WORK INSTRUCTION>
The required output is the lines below from the line containing "IPV6 Serial Configuration" to the line containing "- A partir del", inclusive, retyped exactly. No other lines belong in it.

○ ○ ○ ○ ○ ○ ○

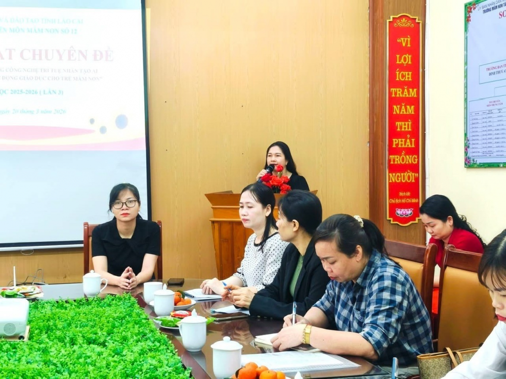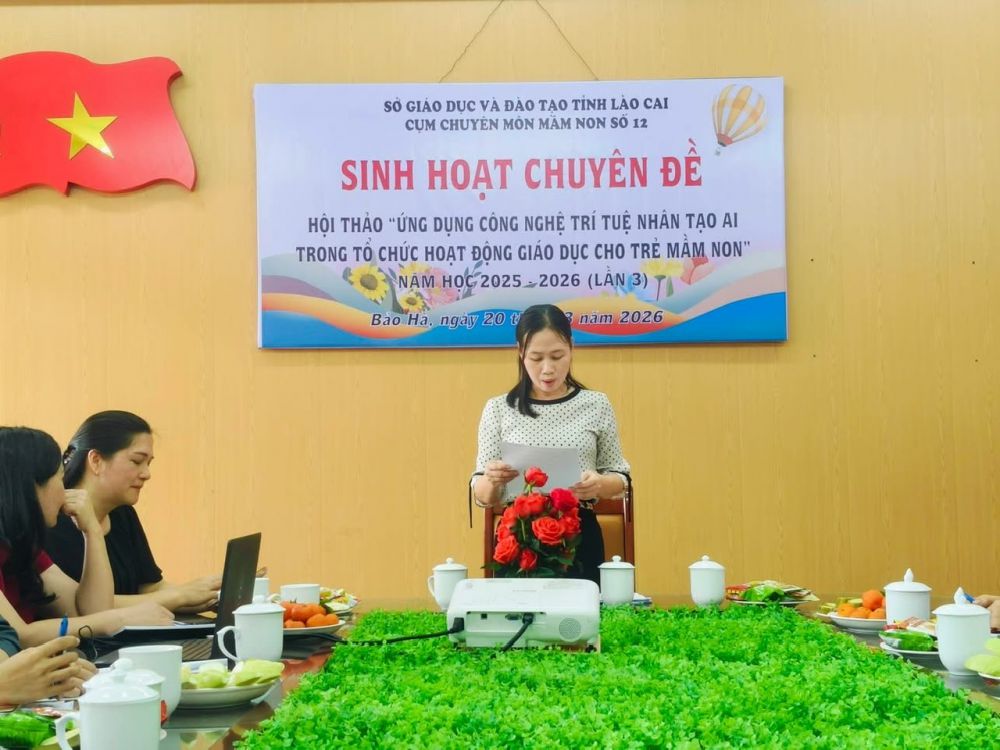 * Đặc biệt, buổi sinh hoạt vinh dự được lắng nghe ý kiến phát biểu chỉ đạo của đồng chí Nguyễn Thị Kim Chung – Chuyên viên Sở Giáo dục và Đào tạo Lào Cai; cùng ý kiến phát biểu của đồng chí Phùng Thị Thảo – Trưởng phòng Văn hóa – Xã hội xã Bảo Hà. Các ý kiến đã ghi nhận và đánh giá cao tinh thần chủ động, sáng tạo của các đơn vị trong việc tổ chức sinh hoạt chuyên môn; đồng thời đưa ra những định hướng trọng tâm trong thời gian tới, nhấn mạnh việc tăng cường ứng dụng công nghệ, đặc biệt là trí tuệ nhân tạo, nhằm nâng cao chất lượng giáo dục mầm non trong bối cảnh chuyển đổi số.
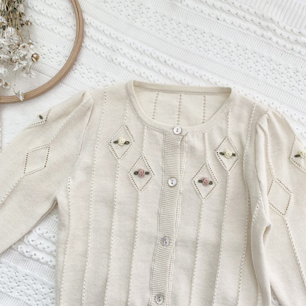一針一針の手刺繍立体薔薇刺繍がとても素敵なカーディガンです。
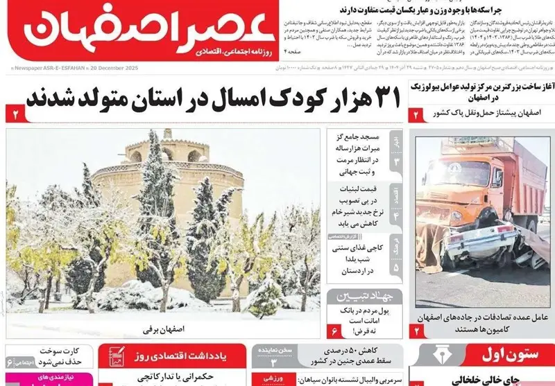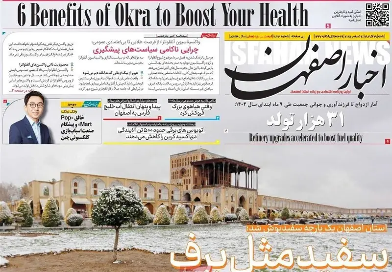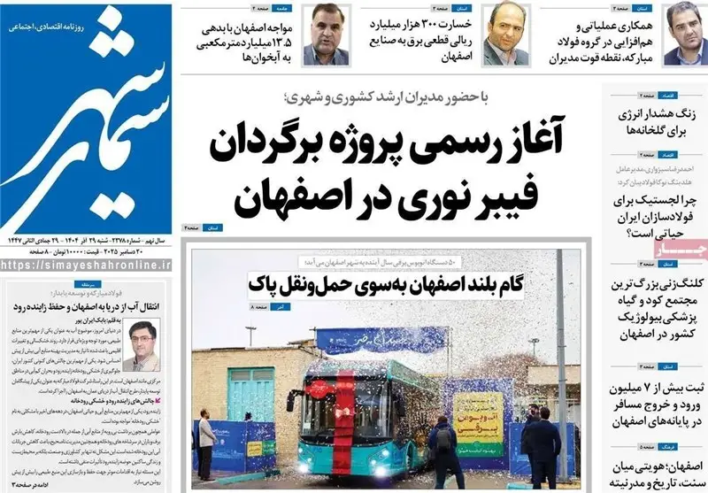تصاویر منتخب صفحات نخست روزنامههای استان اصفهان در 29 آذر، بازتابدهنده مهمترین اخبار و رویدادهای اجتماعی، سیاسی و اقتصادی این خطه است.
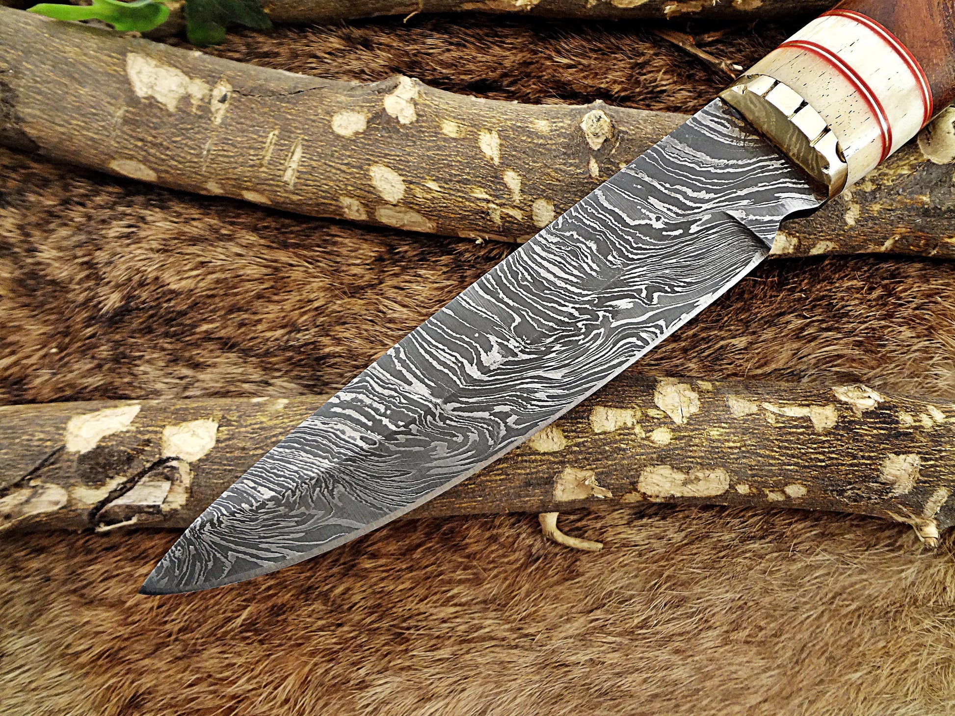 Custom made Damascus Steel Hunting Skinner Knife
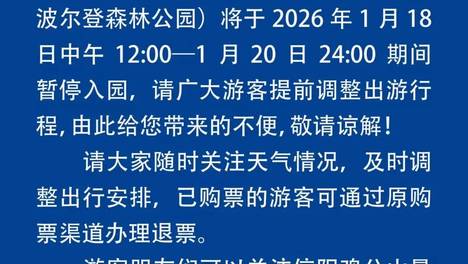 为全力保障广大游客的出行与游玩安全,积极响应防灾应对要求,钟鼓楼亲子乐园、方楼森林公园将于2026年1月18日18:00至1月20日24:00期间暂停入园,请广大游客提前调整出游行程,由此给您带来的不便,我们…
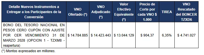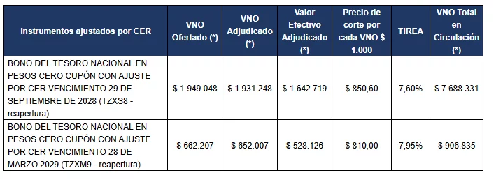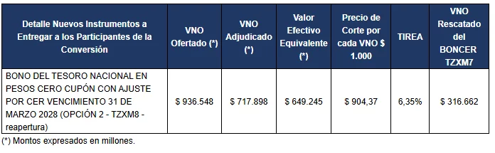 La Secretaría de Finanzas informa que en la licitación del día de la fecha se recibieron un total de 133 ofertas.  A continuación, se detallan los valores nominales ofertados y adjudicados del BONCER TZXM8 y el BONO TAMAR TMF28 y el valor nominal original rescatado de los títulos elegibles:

○ ○ ○ ○ ○ ○ ○

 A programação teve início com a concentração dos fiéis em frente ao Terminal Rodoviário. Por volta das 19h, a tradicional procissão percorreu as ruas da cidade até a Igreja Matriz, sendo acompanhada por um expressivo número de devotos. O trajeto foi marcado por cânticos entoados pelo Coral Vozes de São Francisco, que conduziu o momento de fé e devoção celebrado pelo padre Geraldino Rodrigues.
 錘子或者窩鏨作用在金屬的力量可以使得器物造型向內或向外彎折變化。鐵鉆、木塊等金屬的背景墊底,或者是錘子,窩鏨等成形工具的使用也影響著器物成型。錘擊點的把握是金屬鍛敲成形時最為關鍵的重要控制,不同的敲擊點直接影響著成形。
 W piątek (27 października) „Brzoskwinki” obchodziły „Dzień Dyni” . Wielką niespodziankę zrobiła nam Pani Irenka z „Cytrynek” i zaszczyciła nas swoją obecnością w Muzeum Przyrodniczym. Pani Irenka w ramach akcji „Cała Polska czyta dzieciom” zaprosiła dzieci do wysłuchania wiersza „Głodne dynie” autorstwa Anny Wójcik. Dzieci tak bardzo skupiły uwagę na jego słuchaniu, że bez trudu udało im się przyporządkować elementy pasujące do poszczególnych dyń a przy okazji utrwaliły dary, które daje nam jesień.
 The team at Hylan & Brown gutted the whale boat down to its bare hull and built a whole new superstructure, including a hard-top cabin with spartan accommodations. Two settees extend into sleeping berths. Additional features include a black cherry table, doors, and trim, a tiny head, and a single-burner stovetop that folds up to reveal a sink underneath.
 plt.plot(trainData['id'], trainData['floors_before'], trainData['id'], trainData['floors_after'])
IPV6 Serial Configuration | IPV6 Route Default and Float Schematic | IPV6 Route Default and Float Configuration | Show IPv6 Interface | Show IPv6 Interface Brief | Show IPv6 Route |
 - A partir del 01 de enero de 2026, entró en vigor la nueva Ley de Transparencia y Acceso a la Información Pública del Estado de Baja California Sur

○ ○ ○ ○ ○ ○ ○

ANSWER FOR THIS EXERCISE>
IPV6 Serial Configuration | IPV6 Route Default and Float Schematic | IPV6 Route Default and Float Configuration | Show IPv6 Interface | Show IPv6 Interface Brief | Show IPv6 Route |
 - A partir del 01 de enero de 2026, entró en vigor la nueva Ley de Transparencia y Acceso a la Información Pública del Estado de Baja California Sur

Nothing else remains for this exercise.